If that’s not remarkable value for money, pray tell us what is.
On weekends, the buffet goes up to $10.95 but presumably more items are included.
Nice Service Too
Indian restaurants are notoriously hopeless when it comes to service and usually treat desis with contempt.
Here too, Palace of Jaipur veers away from the herd.
To our immense delight, polite service accompanied the fine vegetarian and non-vegetarian food.
A rare trifecta, na?
Our Guatemalan waiter smiled (has anyone ever seen a waiter smile in an Indian restaurant in the U.S.?) and filled our water glasses, got us hot Naan bread, cleaned our table off the used plates, all promptly.
Most Indians, unlike Americans, generally do not like ice in their water. We were pleased to note that our water glasses contained no ice.

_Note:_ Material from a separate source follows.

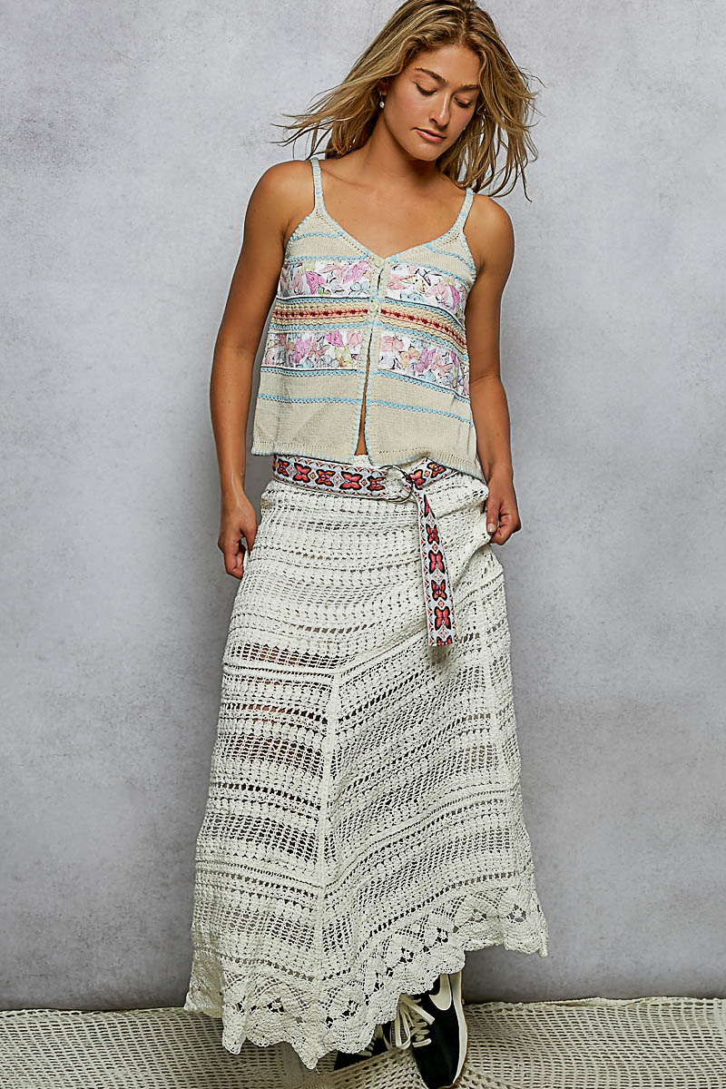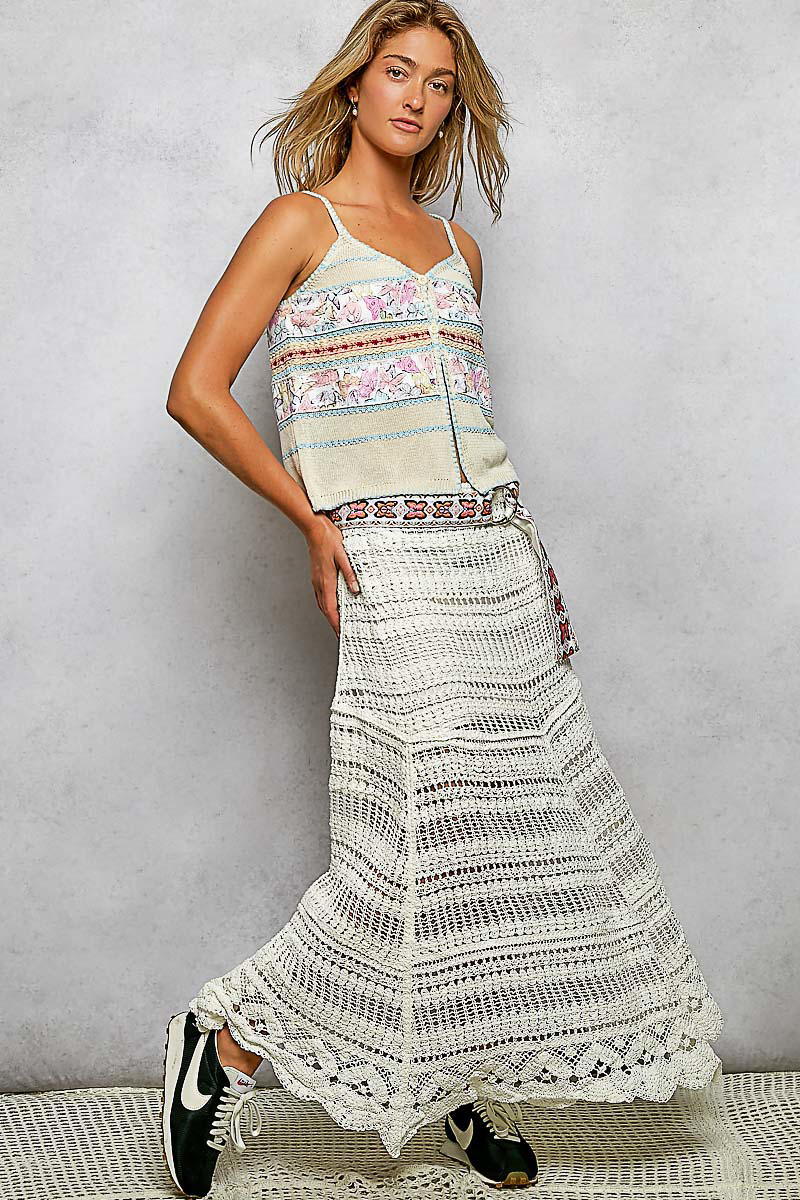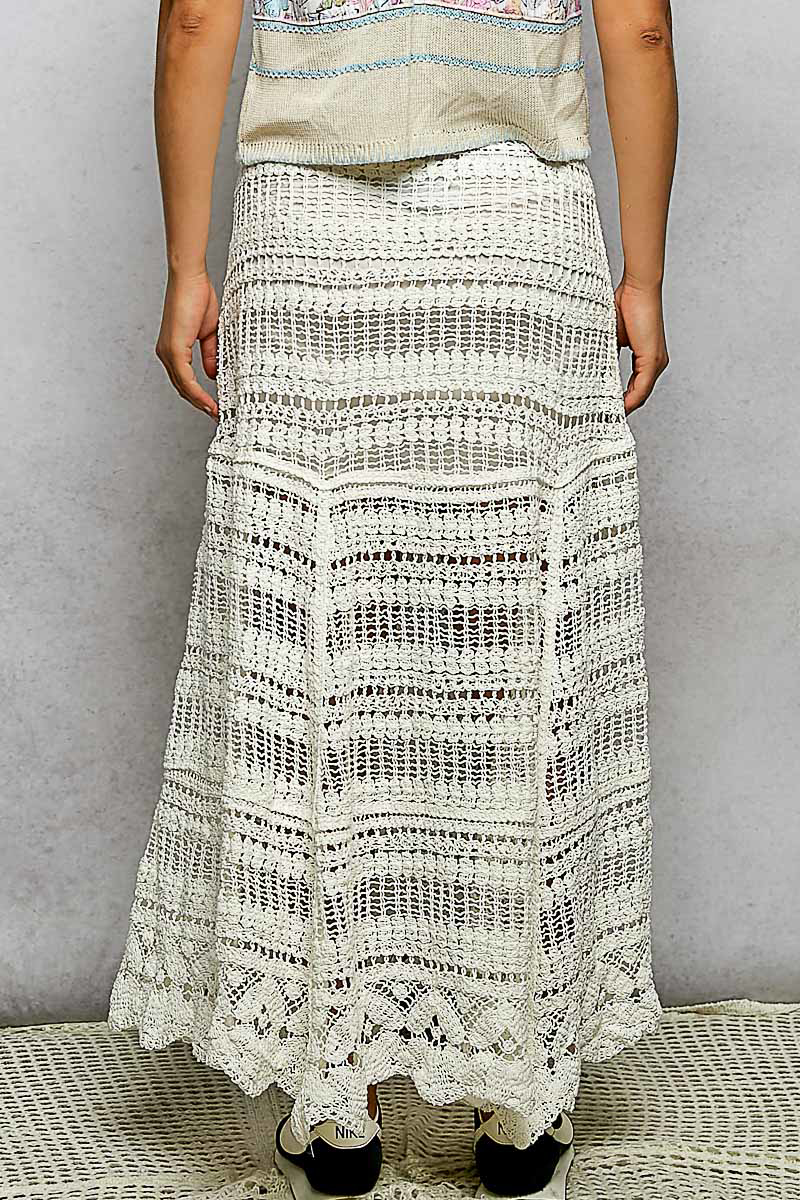 The roomy fit skirt in crochet with lining is a versatile and stylish piece that offers both comfort and charm. Crafted in crochet, this skirt features a delicate and intricate design that adds a touch of elegance to your outfit. The roomy fit provides ease of movement and a relaxed silhouette, perfect for everyday wear. With a lining for added coverage and comfort, this skirt is both practical and fashionable. Embrace the bohemian-inspired look of this crochet skirt and elevate your style with its unique texture and design.

Another nice touch, eh.
Lo, even the owner Sunny Chugh came over to our table and inquired about the food.
The dark-complexioned native of Delhi, who seemed to be in his late 50s, told us he took over Palace of Jaipur three years back but apparently the restaurant had been in business for two years prior to his entry.
Being inquisitive souls, we couldn’t but help ask Sunny the secret of his success.
Crediting his chef, Sunny claimed he was paying him $1,400 per week when other Indian restaurants paid their chefs a mere $700 a week (hello, Palace of Jaipur chef, if this is not true now’s the time to grab your bossÂ by his cojones and ask for a raise).
But the restaurant is hot, particularly in the glass enclosed patio. Is Sunny skimping on the AC to cut costs?
Better Than Nearby Tawa
Guys, unless you are complete retards, have taken a vow of abstinence from worldly pleasures or simply determined to punish yourself, you’ll make Palace of Jaipur your next port of call for Indian food in South Plainfield, NJ.
The standout food and courteous service at Palace of Jaipur makes it a far superior restaurant compared to the nearby Tawa (been there for dine-in and ordered delivery as well).
We’ll take Palace of Jaipur over Tawa any day. Absolutely.
Hey, we’re counting the days until our next trip to Palace of Jaipur.
Bravo, Sunny! May your tribe increase.